Set the listing down unchanged, minus every embedded image.

• _Data shown_:
---

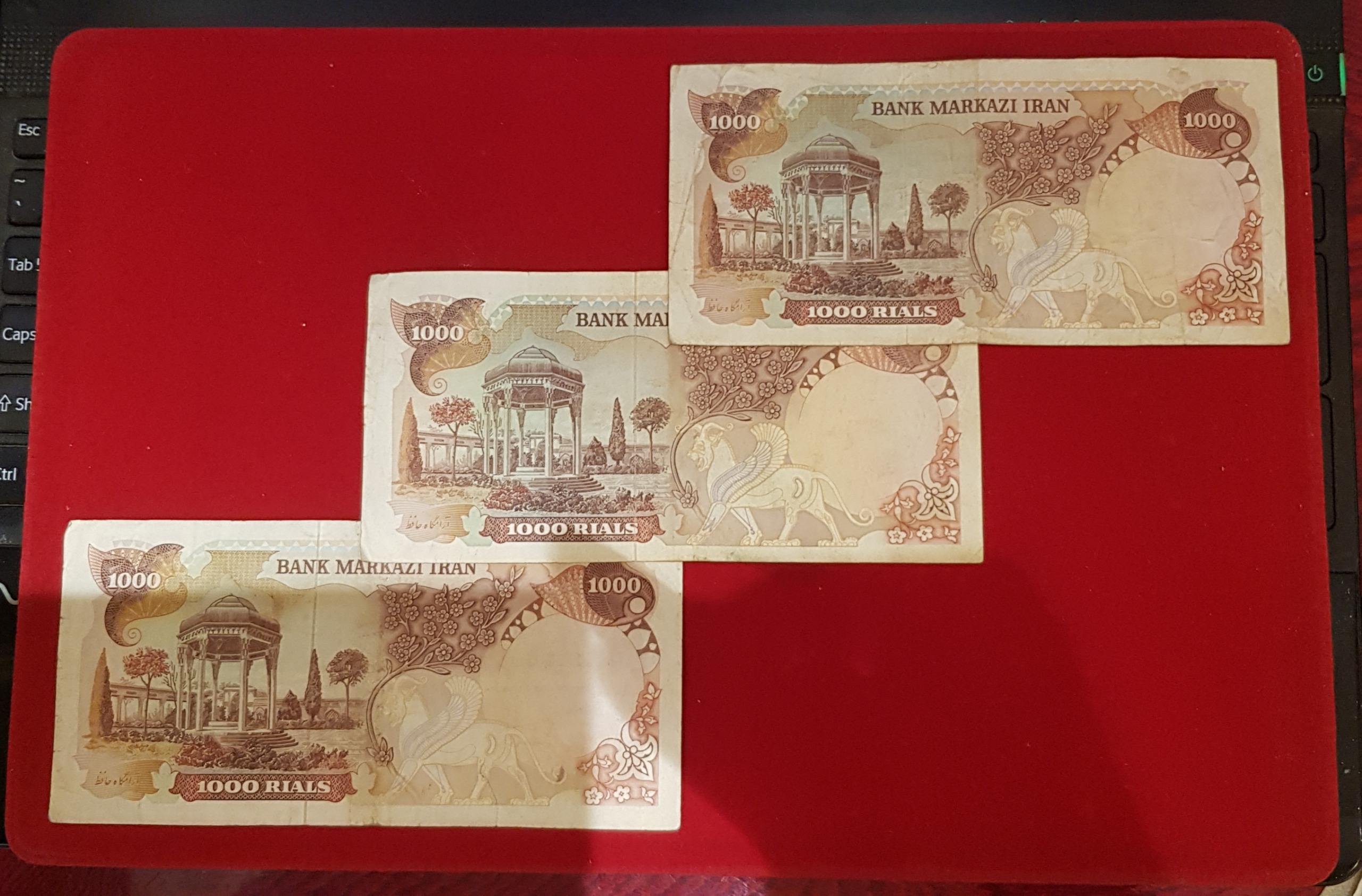 3 قطعه 1000 ریالی شونه پهن، امضاها: انصاری مهران، یگانه مهران و یگانه خوش کیش، طبق تصویر
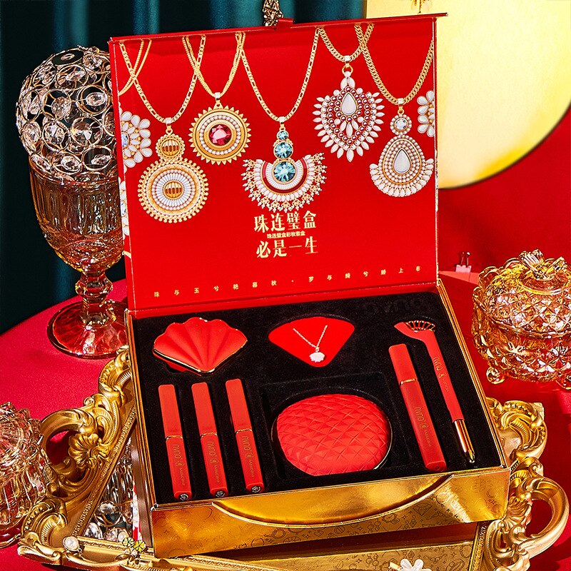 Color Makeup Set 8-piece Cosmetics Set Beauty Makeup Gift Box Valentine's Day Chinese Red Gift Set Kids Makeup Set for Girls
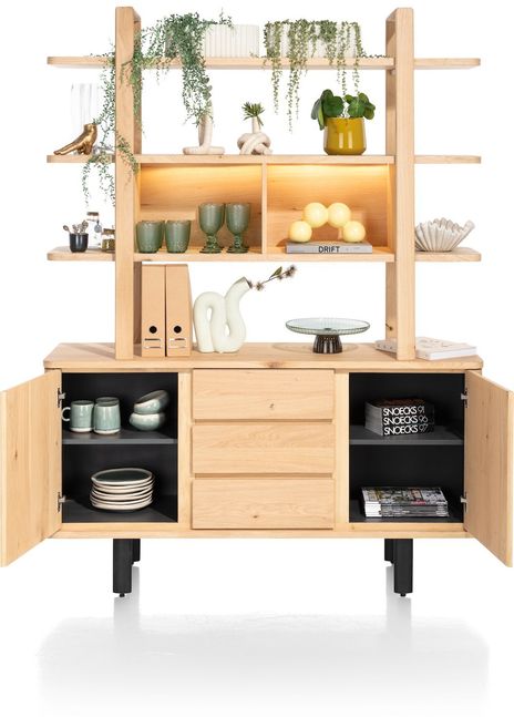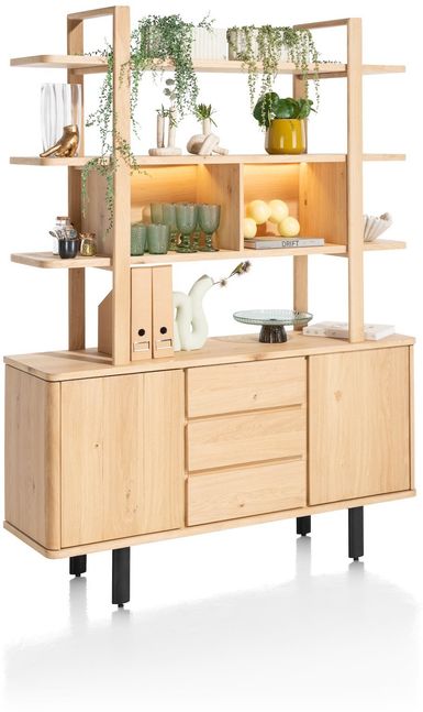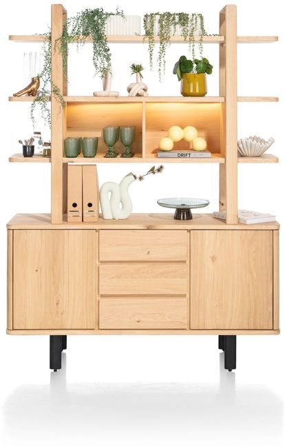 Buffetkast Homestead van Henders & Hazel is een echte blikvanger in huis! Deze handige kast biedt genoeg ruimte om diverse items zowel in als uit het zicht op te bergen. De strakke lijnen in combinatie met het landelijke uiterlijk maken deze buffetkast een stijlvolle toevoeging aan je interieur. Homestead heeft twee deurtjes en drie lades en is uitgerust met ledverlichting. De kast heeft diverse opbergvakken en wordt gemaakt uit een combinatie van eikenfineer en metaal.
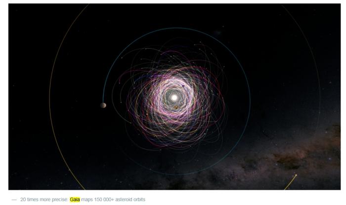 “蓋亞”團(tuán)隊繪制出的150000多顆小行星的軌道。圖片來源:歐洲航天局官網(wǎng)

---

• _Response to this exercise_:
 3 قطعه 1000 ریالی شونه پهن، امضاها: انصاری مهران، یگانه مهران و یگانه خوش کیش، طبق تصویر
 Color Makeup Set 8-piece Cosmetics Set Beauty Makeup Gift Box Valentine's Day Chinese Red Gift Set Kids Makeup Set for Girls
 Buffetkast Homestead van Henders & Hazel is een echte blikvanger in huis! Deze handige kast biedt genoeg ruimte om diverse items zowel in als uit het zicht op te bergen. De strakke lijnen in combinatie met het landelijke uiterlijk maken deze buffetkast een stijlvolle toevoeging aan je interieur. Homestead heeft twee deurtjes en drie lades en is uitgerust met ledverlichting. De kast heeft diverse opbergvakken en wordt gemaakt uit een combinatie van eikenfineer en metaal.
 “蓋亞”團(tuán)隊繪制出的150000多顆小行星的軌道。圖片來源:歐洲航天局官網(wǎng)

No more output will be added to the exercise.